Prior Assumptions Matter

Every argument you have ever made, every conclusion you have ever reached, about any fact whatever, has relied on hidden assumptions of prior probability. You might not realize where those assumptions are hidden in your thinking. But they are always there. Literally, always. So if you don’t know that, then you don’t know whether any claim you believe is true. Because knowing that any claim C is true, requires knowing what prior probabilities you are assuming (and whether, of course, they are justified). This is important in at least two key respects.

First, it is important because it means you need to know what your assumptions about prior probability are, and on what they are based. Which you can only do when you understand what a prior probability is, and how to justify one. Which requires learning Bayesian reasoning. Second, it is important because it means any time you add assumptions to make a claim fit the evidence, this often logically reduces the prior probability, with the result that unless you change your assumed priors, your prior assumptions will then become false, and any conclusion you then reach will become unsound. Yet this requires knowing how much any given added assumption lowers the prior probability of your claim or belief.
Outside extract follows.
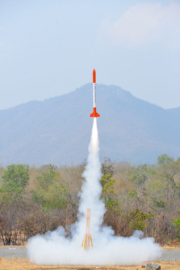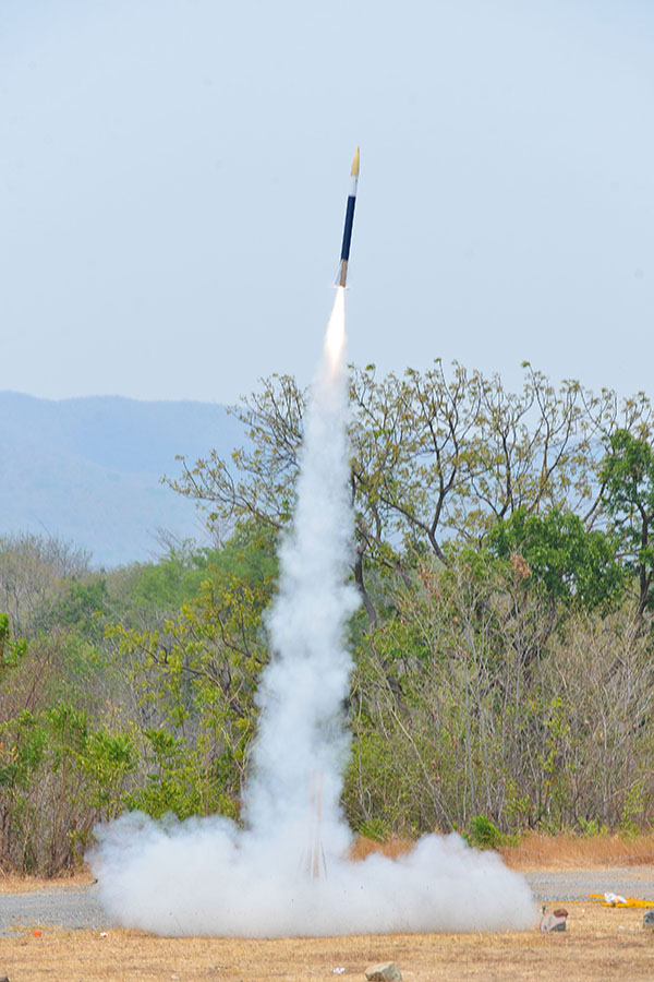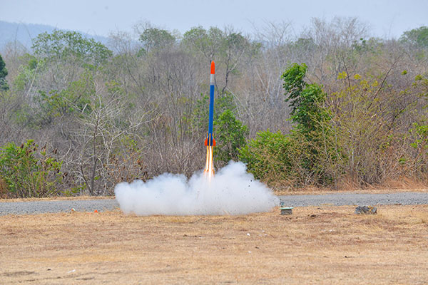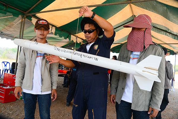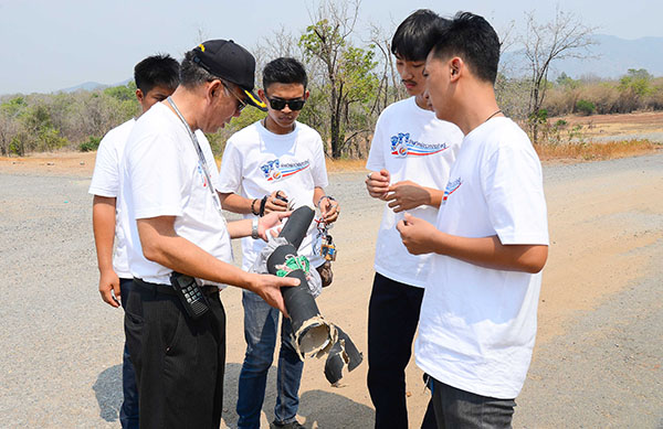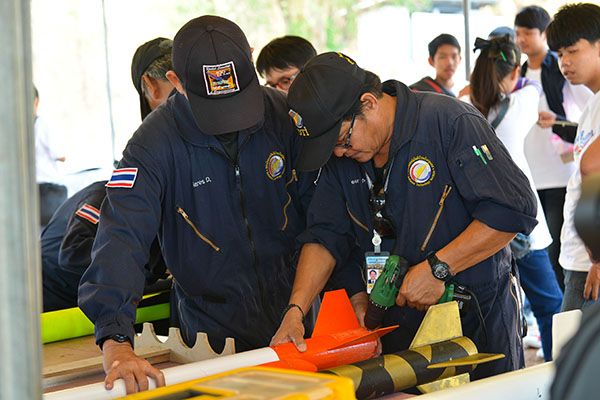 ช่วงที่ 2 นักศึกษาลงมือสร้างจรวดประดิษฐ์ประกอบระบบสื่อสาร และพบคณะที่ปรึกษา หลังจากลงมือปฏิบัติแล้ว ได้พบปัญหาอุปสรรคต่างๆ เพื่อช่วยกันแก้ปัญหาหลังลงมือปฏิบัติจริง ทั้งระบบจรวดและระบบอิเล็กทรอนิกส์ โดยครั้งที่ 1 ในวันที่ 15 มีนาคม 2559 จัดที่วิทยาลัยอาชีวศึกษาปทุมธานี โดยแบ่งเป็นกลุ่มพบที่ปรึกษานักวิจัยที่กำหนดให้เป็นพี่เลี้ยงประจำกลุ่ม สามารถสร้างความเข้าใจในความรู้นำไปพัฒนาจรวดประดิษฐ์ และจัดพบที่ปรึกษาอีกครั้ง ในวันที่ 18 เม.ย. 59 อาคาร สทป. เมืองทองธานี ให้นักวิจัย สทป. ตรวจเข็คความสมบูรณ์ของจรวดประดิษฐ์ จากนั้นได้จัดพา นศ. และอาจารย์ที่ปรึกษา นำจรวดประดิษฐ์ไปทดลองยิง เมื่อวันที่ 19 เม.ย. 59 เพื่อให้ทุกทีมได้เห็นผลงานของตนเองและเอาไปปรับปรุงก่อนที่จะยิงแข่งขันชิงเงินรางวัล |

And if you don’t know that, then once again, you can’t ever know whether your claim or belief is true.

As to the first point, that we always require assumptions about prior probability, for every claim we make and every belief we hold, I demonstrate with deductive certainty in Proving History (pp. 106-14; and see “prior probability” in the index to get up to speed on what that is and how we calculate it, even when we don’t know we are). In short, Bayes’ Theorem entails all conclusions about the probability that any fact-claim is true are affected by prior probability. So for any claim C, the probability that C is true is affected by the prior probability that C is true (meaning, prior to considering any evidence E). And yet it can be shown that you are always assuming some prior probability for every claim you make (and thus every claim you believe to be true or are arguing is true). Therefore, the probability that C is true can only ever be known if you know what prior probability you are assuming for it. There is no way around this.

Because even if you think you aren’t assuming anything about the prior probability of any claim C, that in itself actually entails you are assuming something about the prior probability of C. For example, if you claim to be claiming nothing about the prior probability of C, you are de facto claiming the prior probability of C is 0.5 (or 50/50 or 50%). Because the only way you can be assuming the prior is not 0.5, is if you are assuming it is higher or lower than 0.5, which entails you are assuming the prior is high or low. Yet if you are not assuming the prior is high or low, you are assuming it is neither, and therefore you are assuming it’s 0.5. The same analysis follows for any value above or below 0.5, e.g., the mere fact of your claiming not to know if the prior is higher than 0.7, entails you are assuming it is not higher than 0.7. (See Proving History, pp. 83-85, for a full demonstration of what I mean here.)

You can’t escape this by saying you are assuming the prior probability can be anything between 0 and 1 (0% and 100%), because that entails “I am assuming nothing about the prior probability of C,” and that entails “I am assuming the prior probability of C can be anything.” And Bayes’ Theorem then entails the posterior probability of C can be anything–in other words, just simply, the probability of C can be anything. Which means you are saying you do not know, and cannot know, if C is true. At all. Ever. Until you settle on at least some range of possible priors for C that is anything other than “anything whatever.” And once you start doing that, you are making assumptions about the prior. And once you are doing that, you have to know what those assumptions are and why you are embracing those assumptions and not others. Otherwise, you cannot claim to know what you believe or claim is true. Because otherwise, you won’t, and couldn’t.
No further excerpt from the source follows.